Students also were exposed to the Indian culture and way of life.

“There are areas of vast beauty contrasted by areas of extreme overcrowding, pollution and poverty,” Stewart said. “Students always return very aware of the vast contrast of the country.”

Approaches to Resource Management of Tropical Ecosystems in Belize

Amid the “McWorld” phenomenon of American culture diffusion, there remain areas unscathed by American conglomerations – and according to trip leader and UW Oshkosh geology professor Maureen Muldoon, Belize is one of them.

“We were exposed to wildlife protection areas that have remained completely untouched,” Muldoon said. “We also saw huge diversity of natural environments.”

One of these natural environments was the Monkey Bay Wildlife Sanctuary, which is centrally located in Belmopan and surrounded by the Sibun River and watershed.

“I learned quite a lot about how ecosystems are entwined,” McIlraith said. “For instance, the slightest disturbance at the beginning of a watershed can destroy an entire reef ecosystem, which in the end all comes down to how we treat our environment.”

Offering more than just unique landscapes, Belize gave students the opportunity to meet exotic wildlife and explore agricultural systems much different than Wisconsin’s.

“Students will definitely be thinking about Belize when they go grocery shopping,” said Muldoon in regard to the students’ stop at a local banana, citrus and cocoa farm.

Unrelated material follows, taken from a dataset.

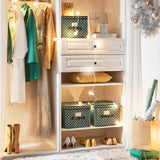 Sätt dessa förvaringslådor med julatema i din garderob - kombinationen av grönt och snöflingmönster ger det en söt julkänsla. Det är julen i din garderob året runt! I dessa lådor kan du lagra kläder, juldekorationer eller leksaker.

According to Muldoon, the Belizean bananas were treated in an insecticide so powerful that workers must wear rubber gloves to protect their skin.

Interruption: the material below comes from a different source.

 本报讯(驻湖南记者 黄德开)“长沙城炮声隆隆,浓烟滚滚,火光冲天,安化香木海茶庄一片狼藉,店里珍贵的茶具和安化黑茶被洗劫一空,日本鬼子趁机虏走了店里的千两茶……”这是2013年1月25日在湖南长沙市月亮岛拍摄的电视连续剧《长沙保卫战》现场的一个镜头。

“It really made me think about going organic,” Muldoon said of her experience at the banana farm.

Students and faculty also visited the Community Baboon Sanctuary.

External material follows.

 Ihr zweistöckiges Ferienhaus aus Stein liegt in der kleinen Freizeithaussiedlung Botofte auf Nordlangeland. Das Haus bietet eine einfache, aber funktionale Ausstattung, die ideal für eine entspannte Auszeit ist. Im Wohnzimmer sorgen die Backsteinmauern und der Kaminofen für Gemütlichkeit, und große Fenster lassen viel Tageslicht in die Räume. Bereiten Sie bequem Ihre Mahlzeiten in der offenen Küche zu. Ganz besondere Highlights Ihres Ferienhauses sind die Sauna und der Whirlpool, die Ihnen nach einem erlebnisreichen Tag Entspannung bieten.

“To visit the sanctuary, we trekked into a local stand of trees where some wild black howler monkeys lived,” said Sarah Novak, a UW Oshkosh student. “We got to feed them bananas and take pictures. It was definitely an experience.”

Novak, who returned from Belize with a much greater appreciation of Central American life, initially decided to study abroad for two reasons, the first academic and the second for a global experience.

“I decided to go on this trip because I wanted to see how another country managed its natural resources, considering that a rainforest is far more rare and difficult to manage,” Novak said. “Also, I knew I might never get another chance to experience anything like that.

“I am so grateful for this trip because what I learned and experienced cannot be taught in a classroom,” Novak said.